How to add a line break before and after a regex in a text file?

This is an excerpt from the file I want to edit:
>chr1|-|9|S|somatic ACCACAGCCCTGTTTTACGTTGCGTCATCGCCCCGGGTGCCTGGTGACGTCACCAGCCCGCTCG >chr1|+|9|Y|somatic ACCACAGCCCTGTTTTACGTTGCGTCATCGCCCCGGGTGCCTGGTGACGTCACCAGCCCGCTCG
I would a new text file in which I add a line break before ">" and after "somatic" or after "germline", how can I do in R or Unix?
Expected output:
>chr1|-|9|S|somatic
ACCACAGCCCTGTTTTACGTTGCGTCATCGCCCCGGGTGCCTGGTGACGTCACCAGCCCGCTCG
>chr1|+|9|Y|somatic
ACCACAGCCCTGTTTTACGTTGCGTCATCGCCCCGGGTGCCTGGTGACGTCACCAGCCCGCTCG
By the looks of your input, you could simply replace spaces with newlines:
tr -s ' ' '\n' <infile >outfile
(Some tr dialects don't like \n. Try '\012' or a literal newline: opening quote, newline, closing quote.)
If that won't work, you can easily do this in sed. If somatic is static, just hard-code it:
sed -e 's/somatic */&\n/g' -e 's/ >/\n>/g' file >newfile
The usual caveats about different sed dialects apply. Some versions don't like \n for newline, some want a newline or a semicolon instead of multiple -e arguments.
On Linux, you can modify the file in-place:
sed -i 's/somatic */&\
/g
s/ >/\
/g' file
(For variation, I'm showing how to do this if your sed doesn't recognize \n but allows literal newlines, and how to put the script in a single multi-line string.)
On *BSD (including MacOS) you need to add an argument to -i always; sed -i '' ...
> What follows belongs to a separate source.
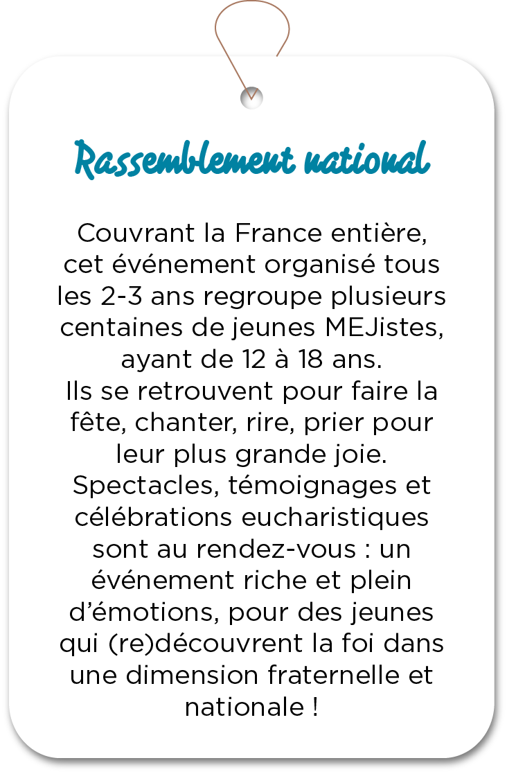 A l’échelle nationale : Un rassemblement, de 3 à 4 jours, est proposé à tous les MEJistes de France entre 12 et 18 ans, tous les 2/3 ans. Ils se retrouvent pour faire la fête, chanter, rire, prier pour leur plus grande joie. Spectacles, témoignages et célébrations eucharistiques sont au rendez-vous : un événement riche et plein d’émotions, pour les jeunes qui (re)découvrent la foi dans une dimension fraternell et nationale.
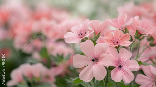 Fototapeta premium Delicate Pink Flowers Blooming in a Garden During Springtime

If somatic is variable, but you always want to replace the first space after a wedge, try something like
sed 's/\(>[^ ]*\) /\1\n/g'
>[^ ] matches a wedge followed by zero or more non-space characters. The parentheses capture the matched string into \1. Again, some sed variants don't want backslashes in front of the parentheses, or are otherwise just ... different.
If you have very long lines, you might bump into a sed which has problems with that. Maybe try Perl instead. (Luckily, no dialects to worry about!)
perl -i -pe 's/(>[^ ]*) /$1\n/g;s/ >/\n>/g' file
(Skip the -i option if you don't want to modify the input file. Then output will be to standard output.)
(\bsomatic\b|\bgermline\b)|(?=>)
Try this.See demo.Replace by $1\n
http://regex101.com/r/tF5fT5/53
If there's no support for lookahead then try
(\bsomatic\b|\bgermline\b)
Try this.Replace by $1\n.See demo.
http://regex101.com/r/tF5fT5/50
and
(>)
Replace by \n$1.See demo.
http://regex101.com/r/tF5fT5/51
Thank you everyone!
I used:
tr -s ' ' '\n' <infile >outfile
as suggested by tripleee and it worked perfectly!